Supervision was provided by Dr Iyad Alazzeh (Halhul Community Mental Health Center).
Methods: A 14-year-old male patient with ASD presented to his psychiatrist after several failed attempts to integrate him into special-care schools due to increasing disturbance of behaviour. He has no other medical problems, and he lives with his father, who is diagnosed with schizophrenia, and his grandmother. His mother often visits him and helps take him to medical appointments. Several pharmacological agents have been attempted: Valproic acid, clonazepam, risperidone, olanzapine, and chlorpromazine, without improvement in his condition. The child’s condition further deteriorated as he stopped accepting medications, which disrupted his sleep and caused bursts of laughter and screaming. During an appointment, the patient attacked his mother and bit her causing an injury necessitating medical intervention. After a multidisciplinary evaluation, obtaining informed consent, and familiarizing the patient with the setting, electroconvulsive therapy (ECT) was initiated as a last resort. The patient underwent a series of eight ECT sessions under general anaesthesia.
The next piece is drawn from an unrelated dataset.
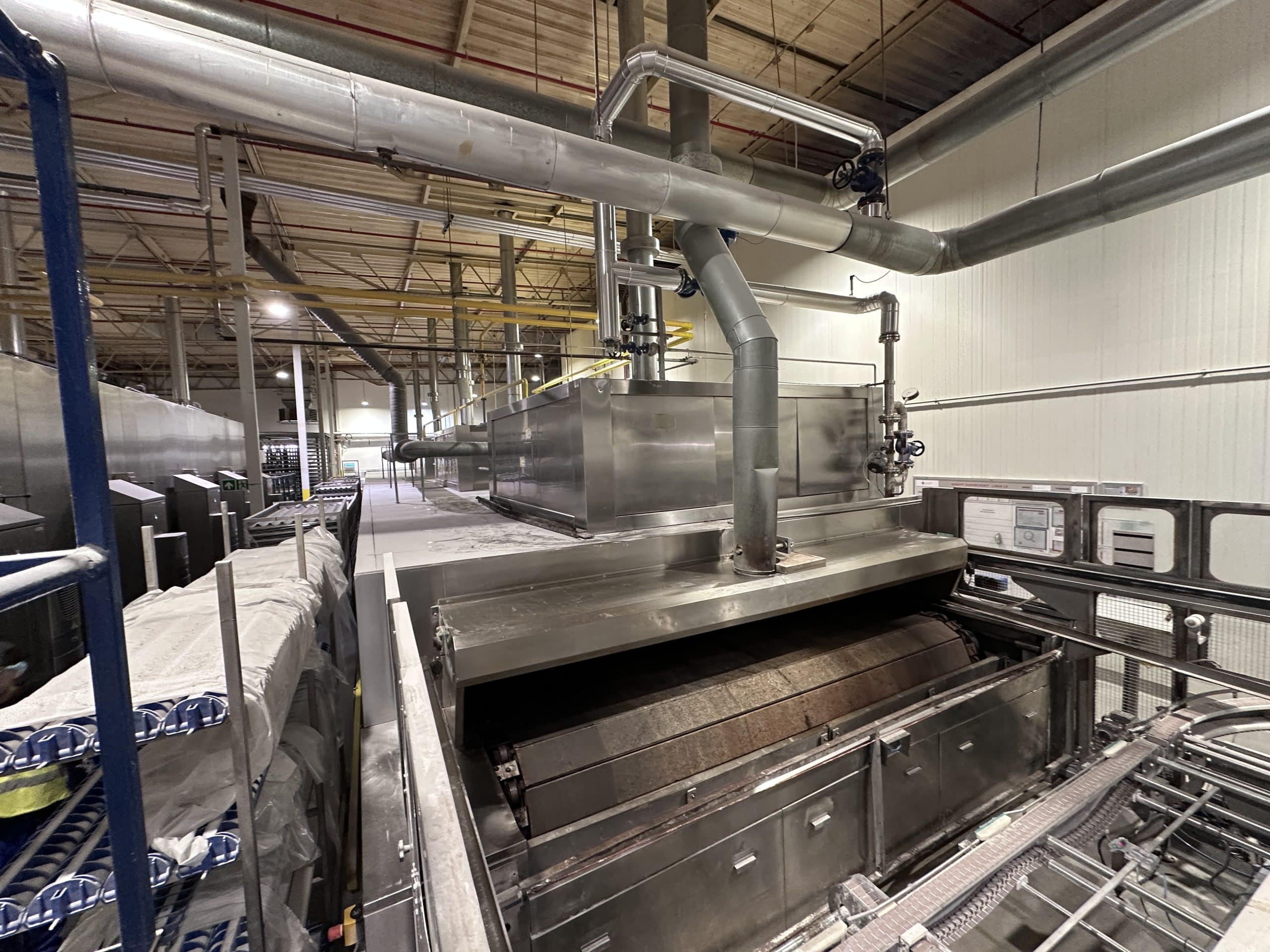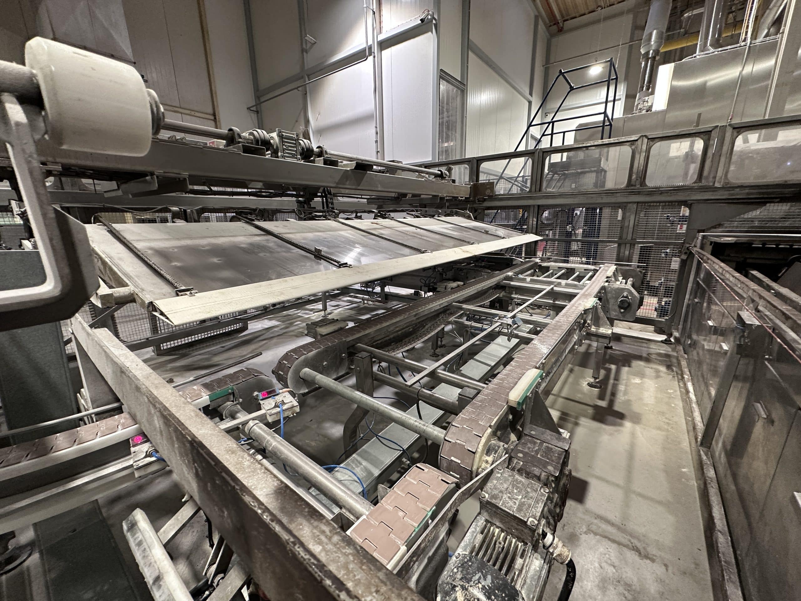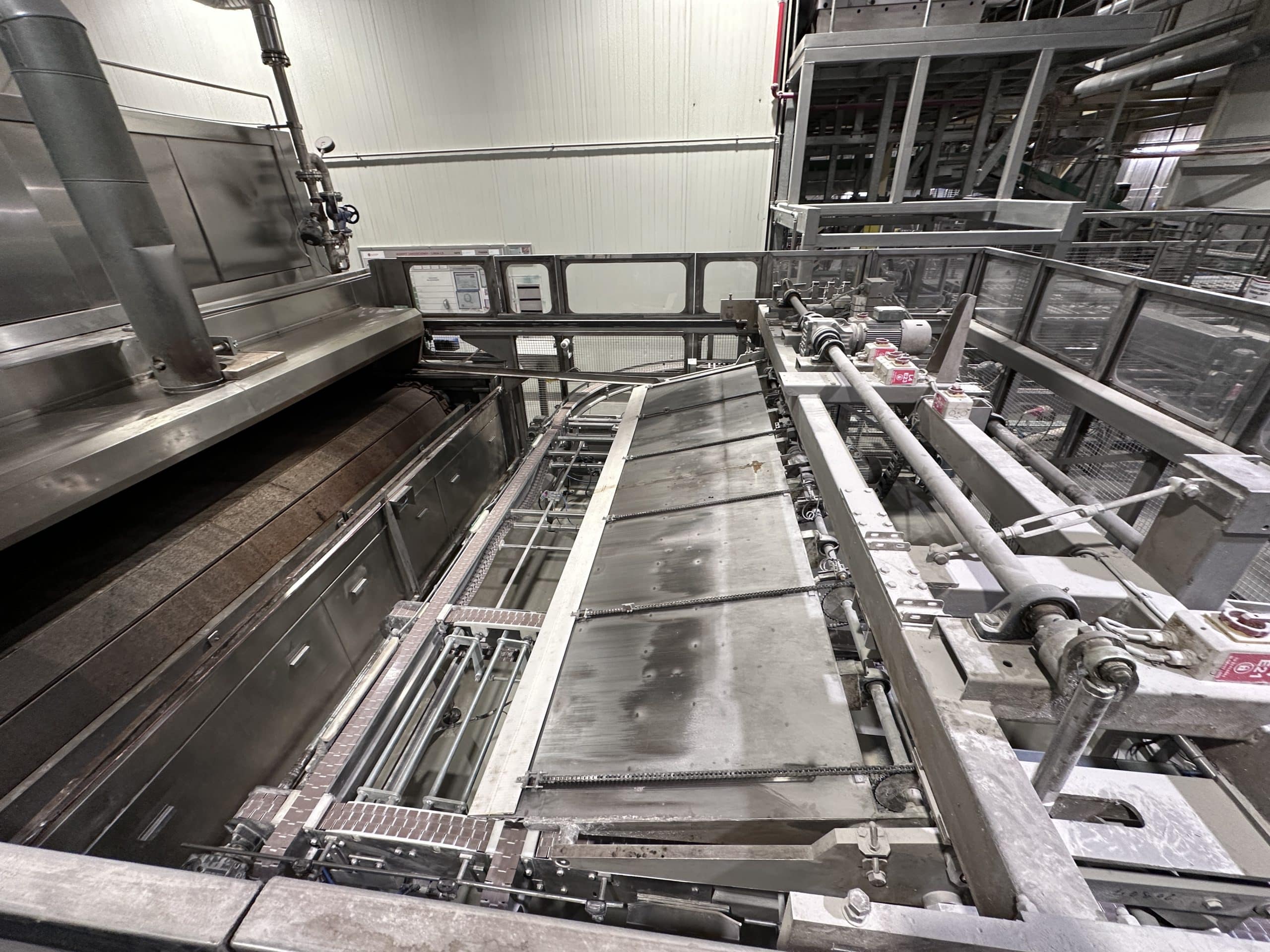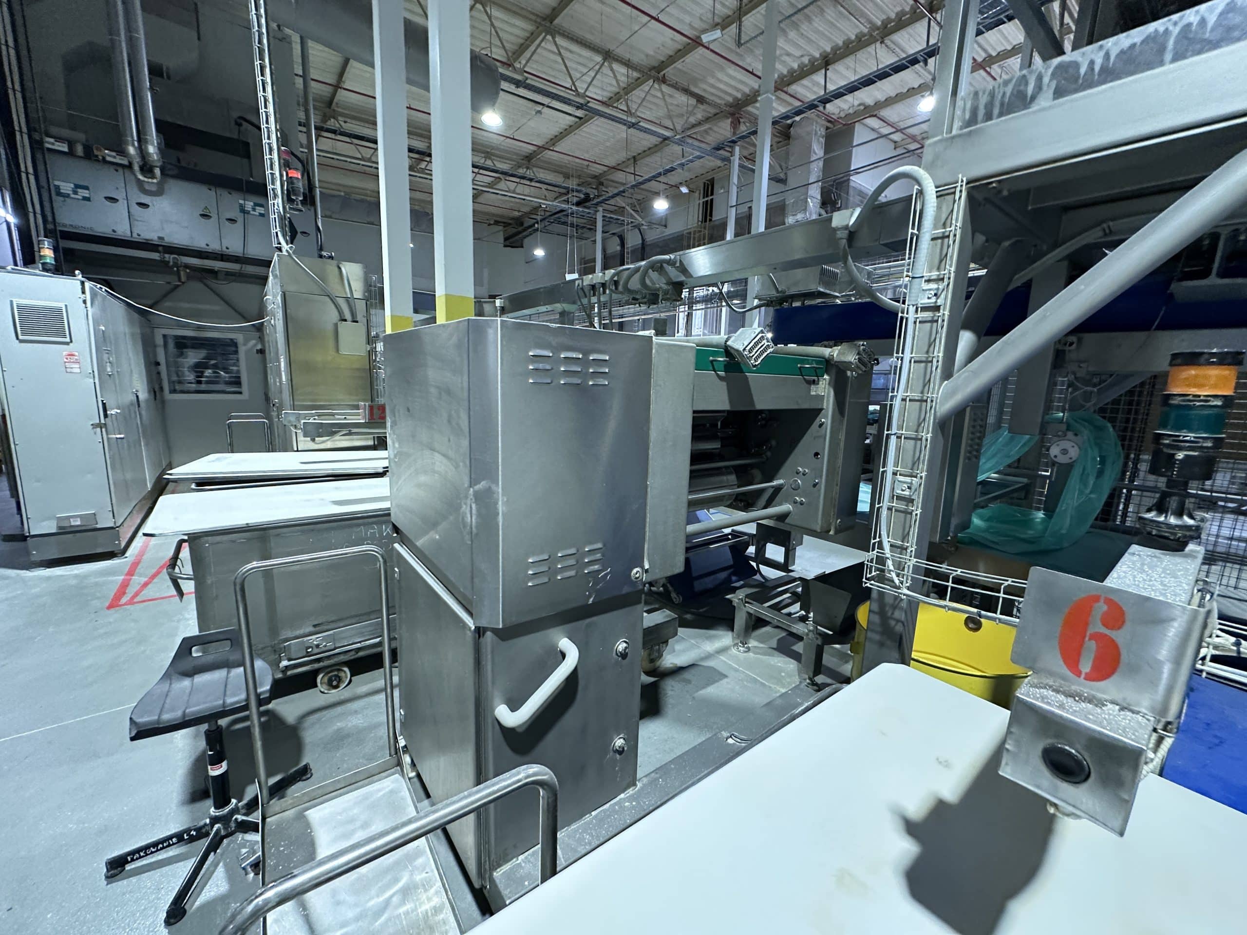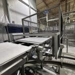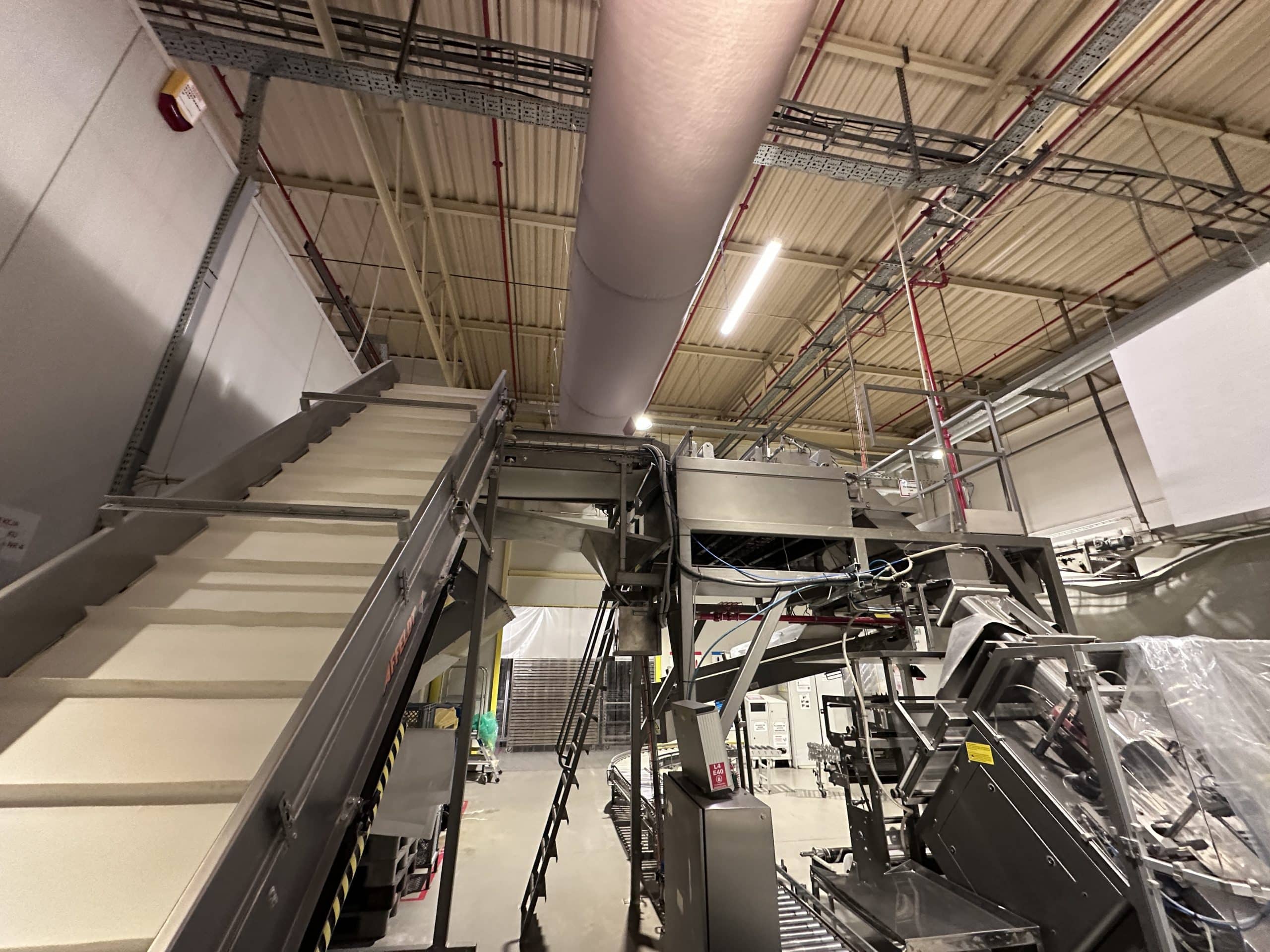 Automatische Ciabatta-/Baguette-Linie – Mecatherm / Fritsch. Ein modernes, vollständig integriertes System für die kontinuierliche Produktion von Ciabatta-Teig mit hohem Wasseranteil. Die Linie verfügt über einen MECATHERM-Tunnelofen mit Steinband für gleichmäßiges Backen, der die charakteristische knusprige Kruste und das luftige, unregelmäßige Innenvolumen liefert. Die Teigverarbeitung ist auf der FRITSCH-Linie vollständig automatisiert und erhält Struktur und Porosität, während Portionen präzise geteilt, geformt und angeordnet werden. Thermische Module, darunter ein MECATHERM-Spiralkühler und ein Gefriertunnel, stabilisieren und bewahren die Produktqualität. Diese Konfiguration gewährleistet hohe Wiederholbarkeit, Produktionsflexibilität und gleichbleibend exzellente Ciabatta-Brötchen.

Results: The only documented side effect was irritability at bedtime on the day of each ECT session, which disappeared with sleep. After he finished all his sessions, the patient had decreased laughter, started accepting medications again, was more responsive to directions, and didn’t exhibit aggression. However, his baseline agitation didn’t significantly improve, leading to the persistence of social integration challenges. It is difficult to determine if the cessation of physical aggression was the result of ECT or resuming medications.
Research on ECT use in paediatric populations is limited but growing, with studies indicating its potential to address severe neuropsychiatric symptoms, including catatonia, mood dysregulation, and treatment-resistant aggression. ECT has shown efficacy in managing specific refractory symptoms, particularly in cases where pharmacotherapy and behavioural interventions fail. However, ethical concerns, stigma, and limited clinical trials have historically restricted its use in this population.
Conclusion: Severe agitation in paediatric patients with autism spectrum disorder (ASD) presents a significant therapeutic and diagnostic challenge. This case highlights the potential of ECT to target specific refractory behaviours in paediatric patients with neuropsychiatric conditions. Further research into the role of ECT in managing treatment-resistant agitation in children with ASD is required.
Abstracts were reviewed by the RCPsych Academic Faculty rather than by the standard BJPsych Open peer review process and should not be quoted as peer-reviewed by BJPsych Open in any subsequent publication.